Each day, some newspapers list the ASX companies which have reached a rolling 12 month high. Can anybody point me to where I can source this info online?

Cheers,

Burrow.


----------



## WillyWonka (16 January 2014)

[SUP][/SUP]







burrow said:


> Each day, some newspapers list the ASX companies which have reached a rolling 12 month high. Can anybody point me to where I can source this info online?
> 
> Cheers,
> 
> Burrow.




You could use my spread sheet in the previous thread. Then all you would have to do is make a new column that =52high/last sale price. An answer of 1 would indicate it is selling at the 52 week high where as a number like .143 would indicate it is close to the 52 week low.


----------



## Valued (16 January 2014)

WillyWonka said:


> [SUP][/SUP]
> 
> You could use my spread sheet in the previous thread.

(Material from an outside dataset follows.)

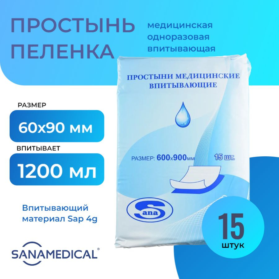 Простынь пеленка впитывающая Sana 60*90, 15 шт./уп.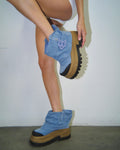 Introducing Dream, the chunky boot of the season with an asymmetric toe shape, designed for those who appreciate bold fashion statements. This boot features a wide leg fit, cute short cut leg, complemented by a distinctive Wolfe head ball charm for added flair. It also includes new rubber toe and heel pieces, combining durability with a modern aesthetic. Each pair has a hand crafted dirty finish. Perfect for trendsetters seeking both edge and elegance, this boot is a must-have for any fashion-forward wardrobe.

Then all you would have to do is make a new column that =52high/last sale price. An answer of 1 would indicate it is selling at the 52 week high where as a number like .143 would indicate it is close to the 52 week low.




I tried that and couldn't figure it out lol.

You can do this with commsec, but it's not very user friendly. It has to be done via their interactive charts/ searching rather than their normal searching. You can't just search for 52 weeks highs but rather the ratio of the current price to the 52 week high, but it can be done.


----------



## skc (16 January 2014)

Try this

http://asxiq.com/


----------



## WillyWonka (16 January 2014)




----------



## piggybank (16 January 2014)

skc said:


> Try this
> 
> http://asxiq.com/




Hi skc,

I only got as far as looking at those gorgeous Asian beauties at the top of the page

On a more serious note. You can get the 52 weeks high from here - http://asxinvestordata.blogspot.com.au/2014/01/asx-rolling-52-week-highs-15-jan-2014.html

as well as these - which you (and others) may find useful.



	

		
			
		

		
	
 - 

Regards
PB


----------



## tinhat (16 January 2014)

piggybank said:


> Hi skc,
> 
> I only got as far as looking at those gorgeous Asian beauties at the top of the page




Off topic...

A lot of people don't realise that google's ad platform delivers tailored advertising based on the user's individual surfing history. When I visit that page I get a boring ad for video conversion software. You're surfing habits might be more interesting than mine!


----------



## Valued (16 January 2014)

They are doing a poor job. My advertisment is for sportsbet. I went to that website the year before last to place one bet on the Melbourne cup. I won about $150 and never went back again. I don't even like sports.


----------



## skc (16 January 2014)

tinhat said:


> Off topic...
> 
> A lot of people don't realise that google's ad platform delivers tailored advertising based on the user's individual surfing history. When I visit that page I get a boring ad for video conversion software. You're surfing habits might be more interesting than mine!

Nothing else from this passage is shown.